What to produce: Look at the data below and print exactly the lines from its first line through the line with "Maika bag - Ibeliv"; the pictures stay out of the copy.

====== Records provided ======

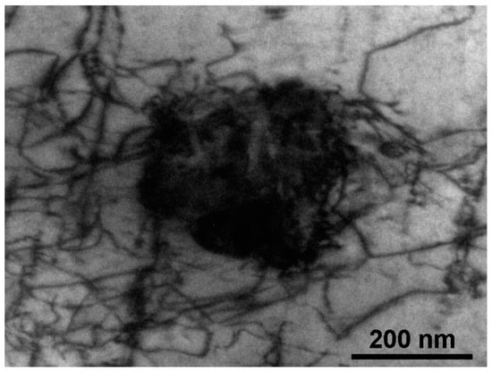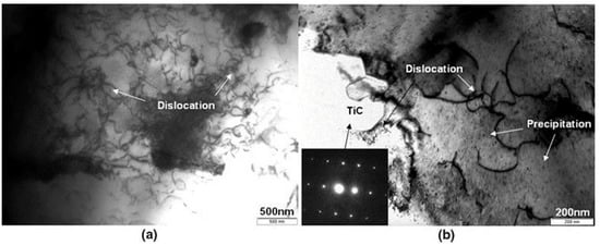 TEM micrographs of LENS-deposited IN625 TiC/Ni MMCs: (a) high density of dislocation in matrix and (b) large amount of precipitation interacting with dislocations [11].
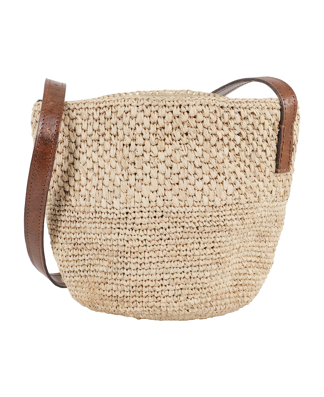 Maika bag - Ibeliv - Tea color - Made of natural raffia - Single compartment - Bucket design - Leather shoulder strap - Inside drawstring closure - Size: 16 x 18 cm.
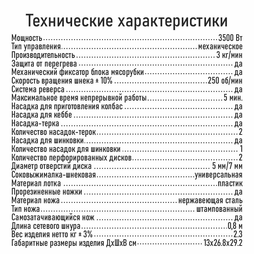 | Насадки | диск для фарша / насадка для кеббе / насадка для приготовления колбас / насадка для шинковки / насадка-терка / соковыжималка |
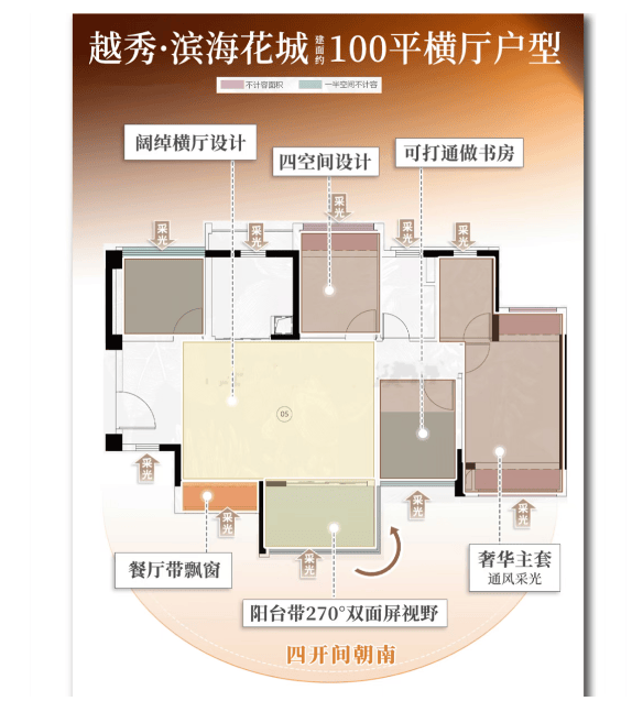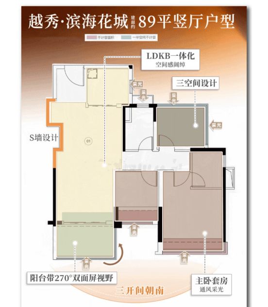 越秀滨海花城推出多种户型选择,从紧凑的76㎡到宽敞的100㎡不等,适应不同家庭结构的需求。每个户型都经过精心设计,确保了空间利用的最大化和居住舒适度。例如,部分户型拥有270°环幕视野,增加了室内的采光面积和景观视野;X空间设计则提高了空间使用的灵活性和效率。这些设计细节体现了开发商对居住者生活质量的高度重视。
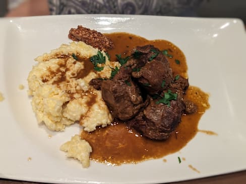 9/10This restaurant is a gem. I was welcomed warmly, even though my husband couldn’t come at the last minute and our reservation was for 2 people. The winter menu was amazing. The wine choices are a bit overwhelming, but the wine descriptions were good. Their Gorgonzola Gnocci was smooth and melted in your mouth. The sea bream was cooked perfectly, with a great blend of flavors, including a wonderful olive tapenade. The only disappointment was dessert. I found the crem brûlée wasn’t the best choice.
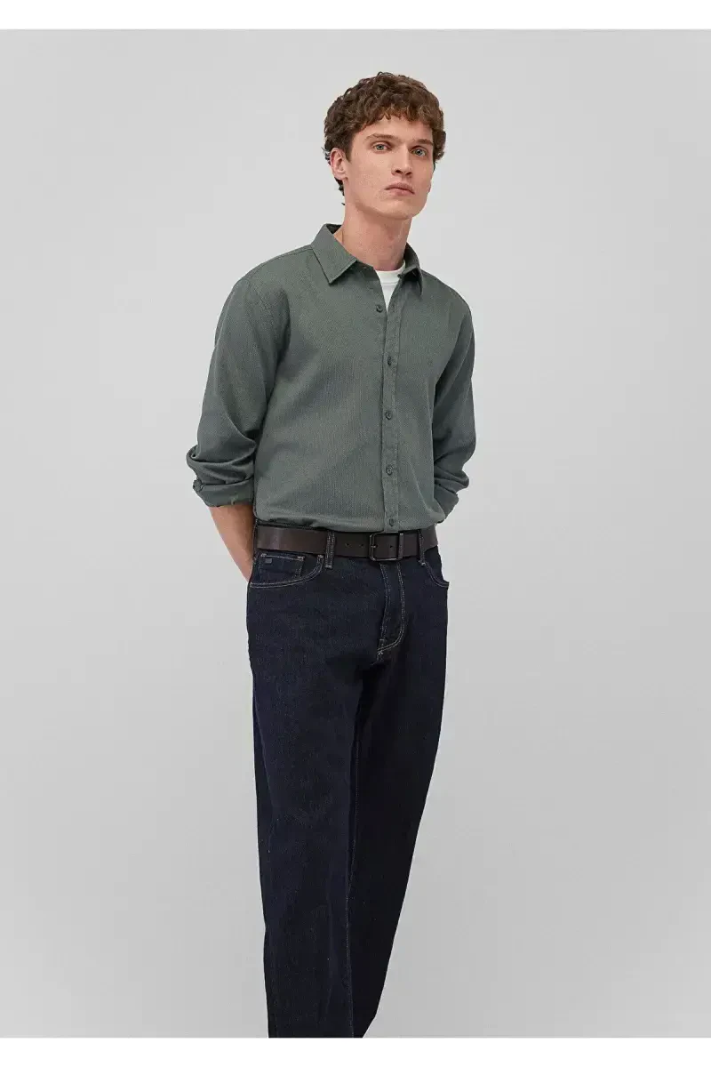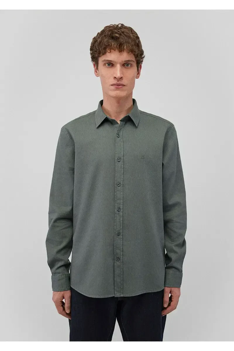 Мужская зеленая M0211091-85370 рубашка из ткани в рубчик
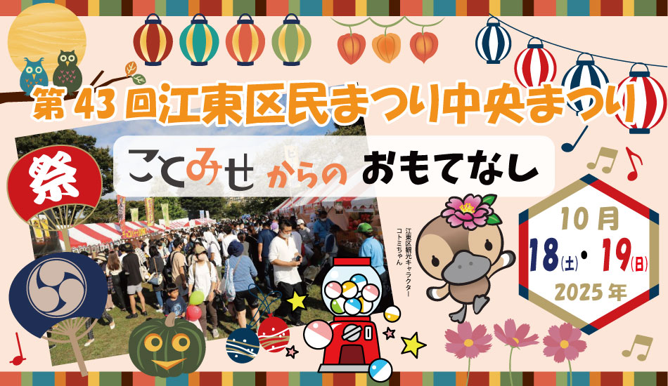 楽しいプログラムが満載の江東区内最大規模のイベント「第43回江東区民まつり中央まつり」が開催されます。ことみせの登録店が参加する「ことみせからのおもてなし」ブースにぜひお立ち寄りください!

======

Answer space:
 TEM micrographs of LENS-deposited IN625 TiC/Ni MMCs: (a) high density of dislocation in matrix and (b) large amount of precipitation interacting with dislocations [11].
 Maika bag - Ibeliv - Tea color - Made of natural raffia - Single compartment - Bucket design - Leather shoulder strap - Inside drawstring closure - Size: 16 x 18 cm.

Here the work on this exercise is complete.